## PROBLEM DETAILS
An exact copy of the lines, starting at the top of the listing and ending with the line that has "Camiseta de hombre", is the required answer. Pictures are not part of it.

### DATA RECORDS

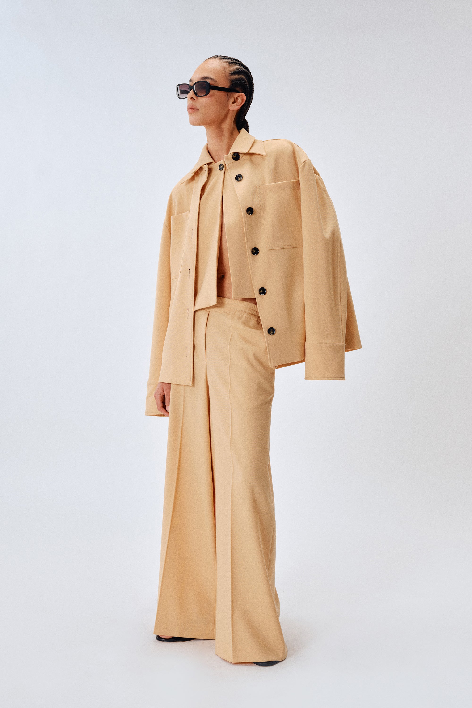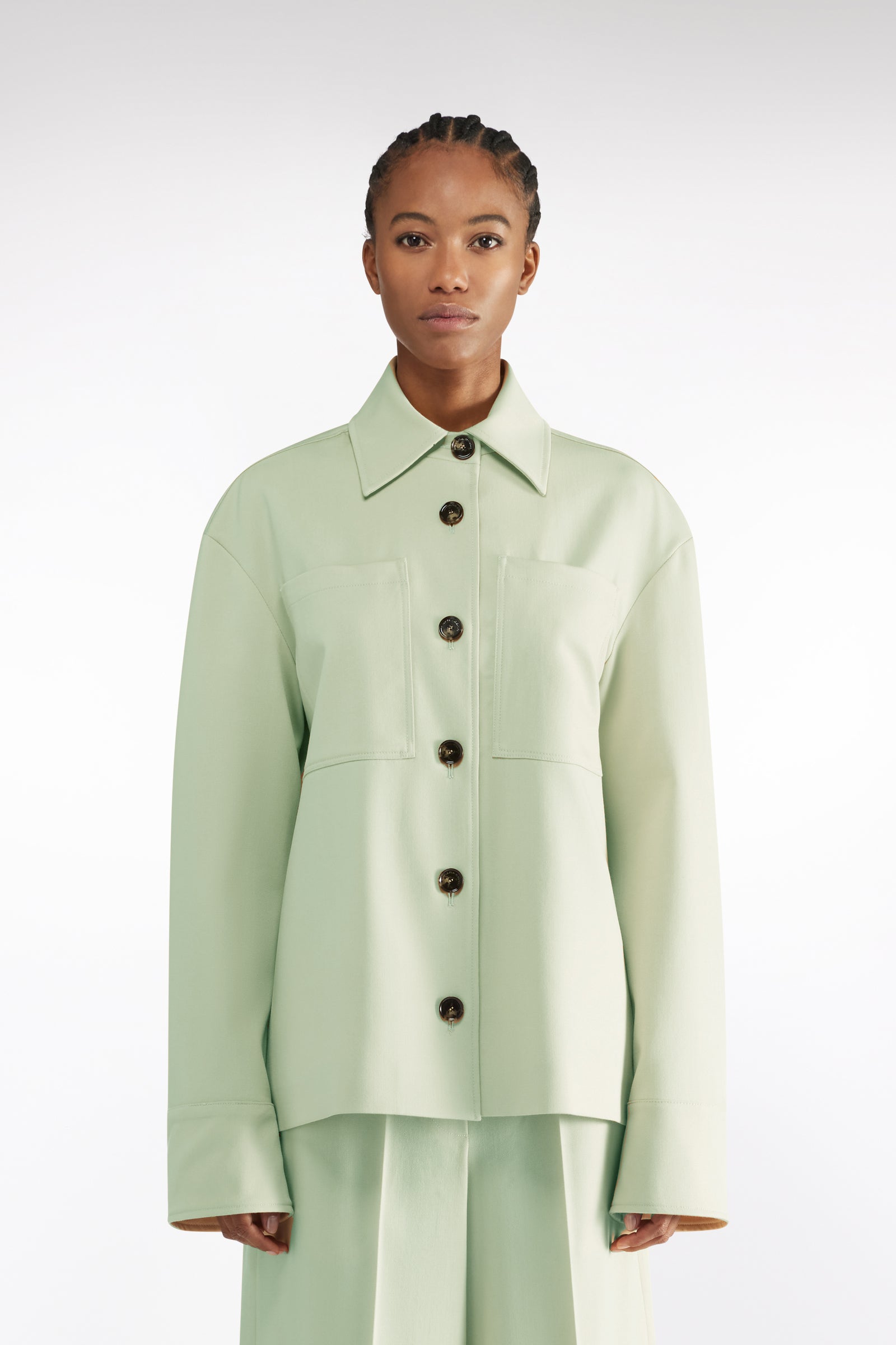 Giacca in gabardina lana, colletto classico, chiusura frontale con bottoni e due tasche applicate sul petto, manica lunga con polso alto.
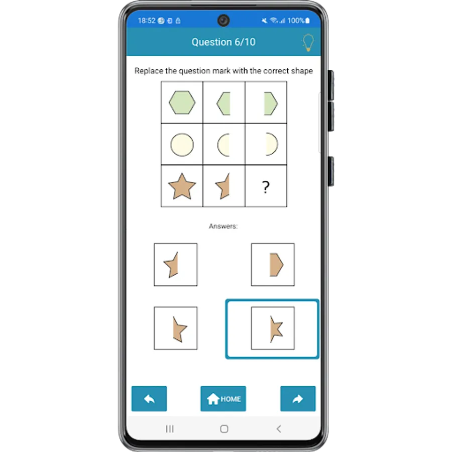 You will be given 4 choices from which to select. You can always use the bulb button (upper-right) to see a hint. The correct answers along with calculated score are proved upon completing the test.
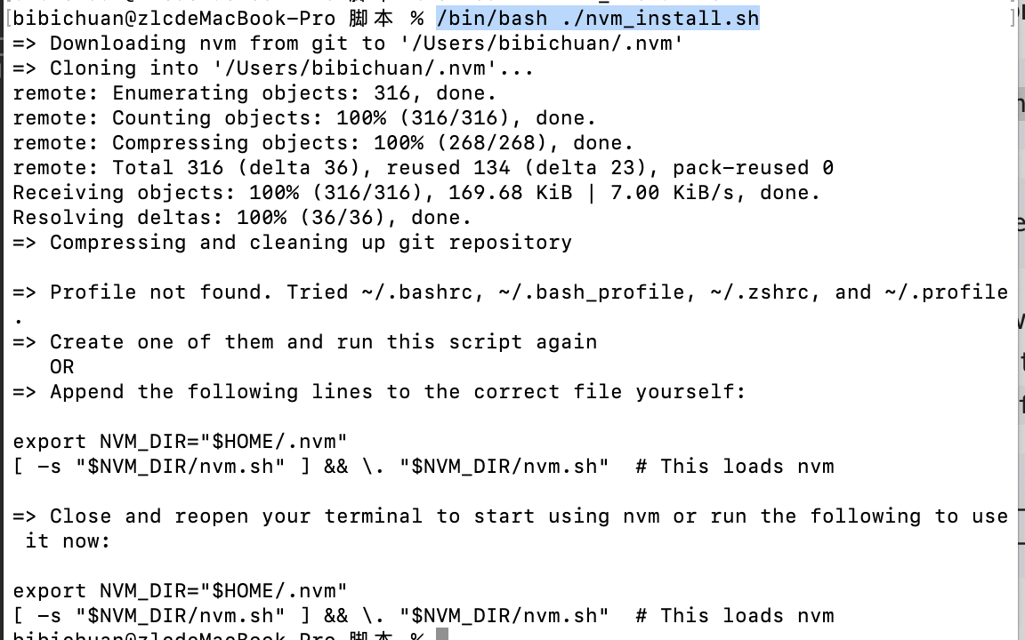 当我使用bash安装了nvm之后,退出终端,再进入,运行nvm,还是显示没有nvm命令。
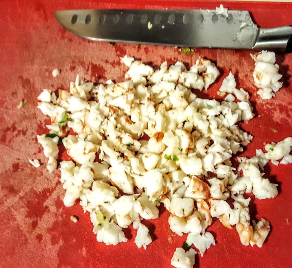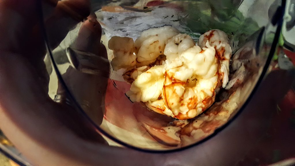 Then you’ll measure out 6 ounces of shrimp. They suggest cooked and peeled but we just don’t roll like that. These are the kind you have to cook but trust us.. that extra time is totally worth the extra flavor!
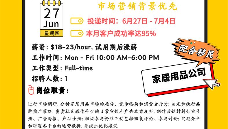 【168新岗】旺市家居用品公司招聘Marketing Specialist 1名(可移民)
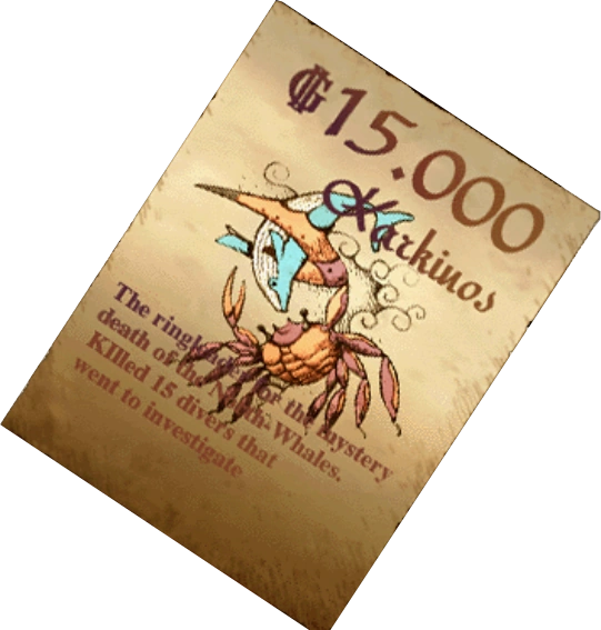 The bounty on the capture or death of this monstrous crustacean is 15,000 G.
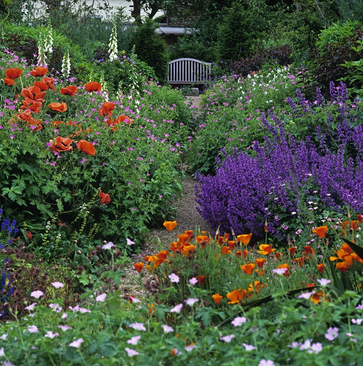Für alle, die es gerne natürlich und ein bisschen wild mögen: Katzenminze ist im Cottage-Garten ein Muss. Zusammen mit mit rotem Mohn (Papaver orientale), rosa Pyrenäen-Storchschnabel (Geranium endressii) und weißem Fingerhut (Digitalis purpurea) entsteht ein lebendiges Staudenbeet, das pure Sommerfreude ausstrahlt.
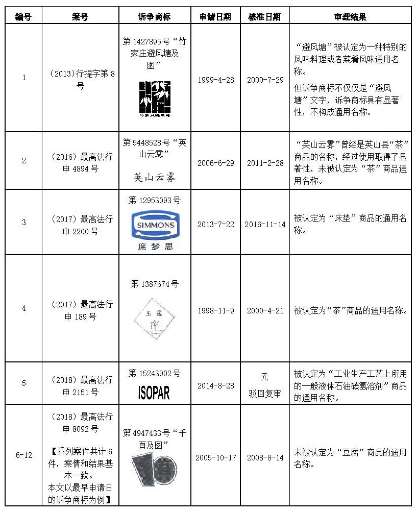 經(jīng)查閱從2015年至今,中國裁判文書網(wǎng)收錄最高人民法院涉及“通用名稱”商標確權案件的行政裁判文書共計12份,包括11份行政裁定書和1份行政判決書,裁判作出的時間是2015年至2019年。筆者以這些文書為研究樣本,分析商標確權中法院認定通用名稱的考量因素和裁判標準。
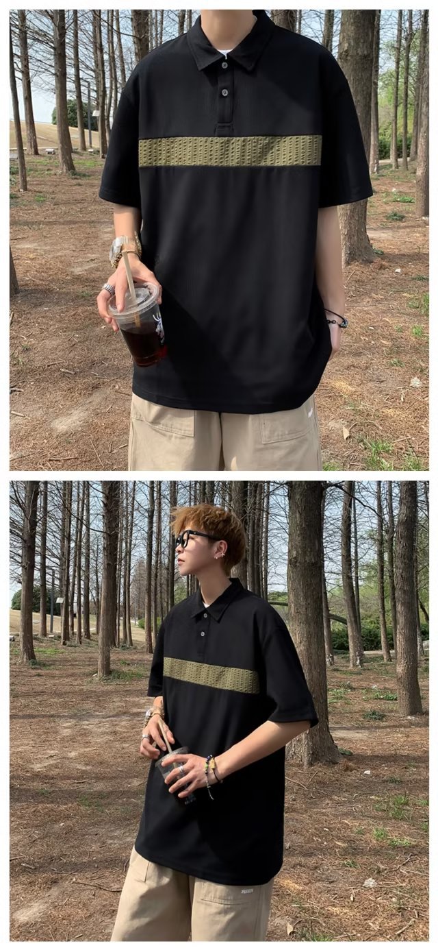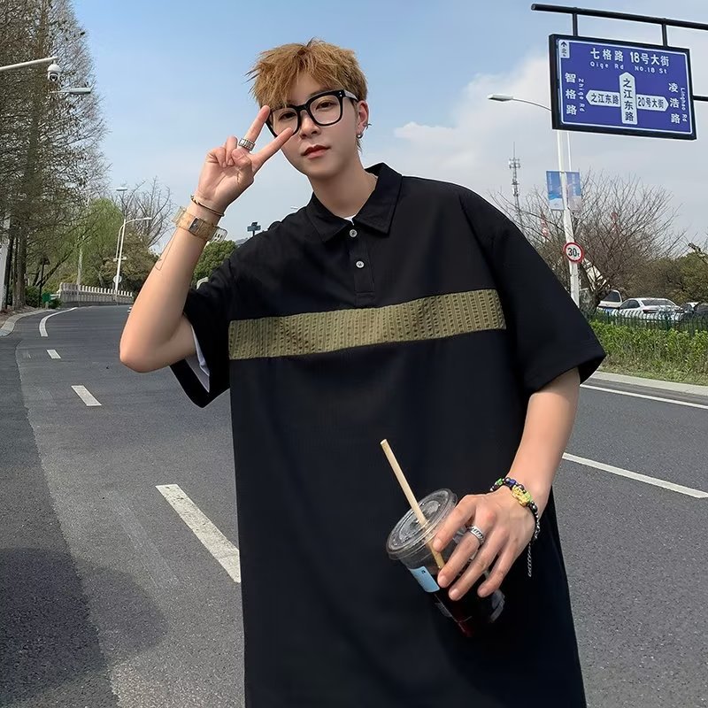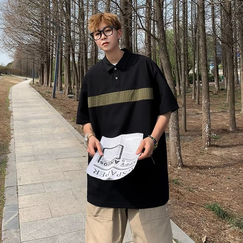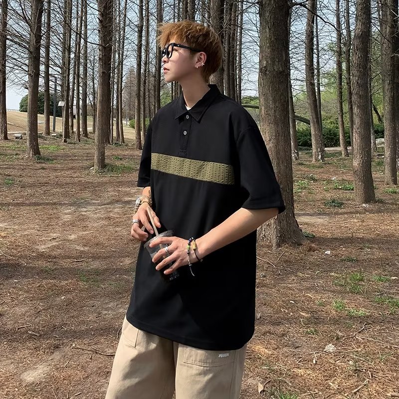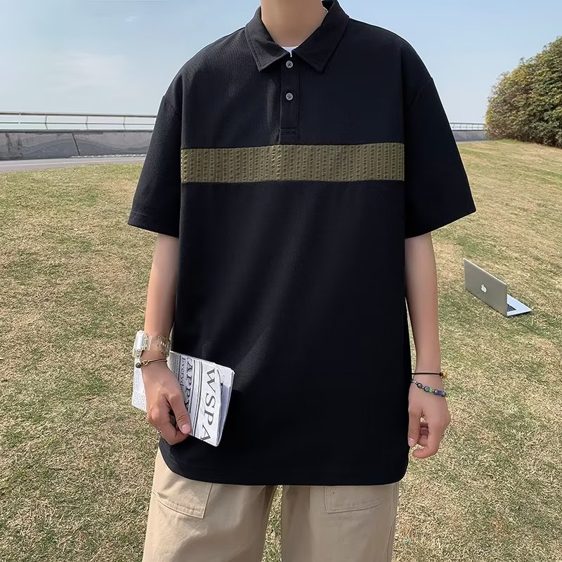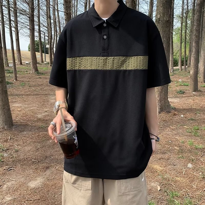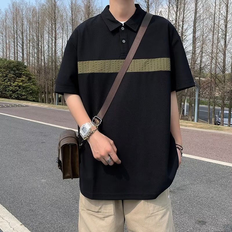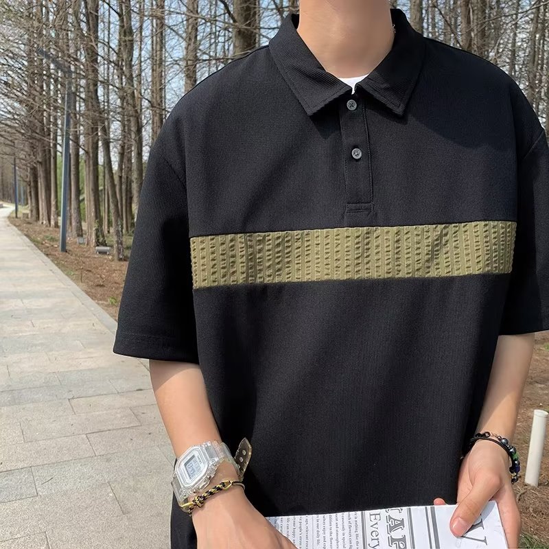 Camiseta de hombre de nuevo estilo polo camisa de hombre de manga corta solapa media manga tendencia camiseta costura tela transpirable
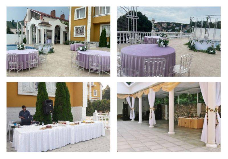 На территории комплекса находятся несколько строений ,территория для церемонии,летний бассейн,которые предназначены только для Вас и ваших гостей. Менеджер поможет расчитать ваш банкет, поможет в организации.

######

## PROBLEM SOLUTION
 Giacca in gabardina lana, colletto classico, chiusura frontale con bottoni e due tasche applicate sul petto, manica lunga con polso alto.
 You will be given 4 choices from which to select. You can always use the bulb button (upper-right) to see a hint. The correct answers along with calculated score are proved upon completing the test.
 当我使用bash安装了nvm之后,退出终端,再进入,运行nvm,还是显示没有nvm命令。
 Then you’ll measure out 6 ounces of shrimp. They suggest cooked and peeled but we just don’t roll like that. These are the kind you have to cook but trust us.. that extra time is totally worth the extra flavor!
 【168新岗】旺市家居用品公司招聘Marketing Specialist 1名(可移民)
 The bounty on the capture or death of this monstrous crustacean is 15,000 G.
Für alle, die es gerne natürlich und ein bisschen wild mögen: Katzenminze ist im Cottage-Garten ein Muss. Zusammen mit mit rotem Mohn (Papaver orientale), rosa Pyrenäen-Storchschnabel (Geranium endressii) und weißem Fingerhut (Digitalis purpurea) entsteht ein lebendiges Staudenbeet, das pure Sommerfreude ausstrahlt.
 經(jīng)查閱從2015年至今,中國裁判文書網(wǎng)收錄最高人民法院涉及“通用名稱”商標確權案件的行政裁判文書共計12份,包括11份行政裁定書和1份行政判決書,裁判作出的時間是2015年至2019年。筆者以這些文書為研究樣本,分析商標確權中法院認定通用名稱的考量因素和裁判標準。
 Camiseta de hombre de nuevo estilo polo camisa de hombre de manga corta solapa media manga tendencia camiseta costura tela transpirable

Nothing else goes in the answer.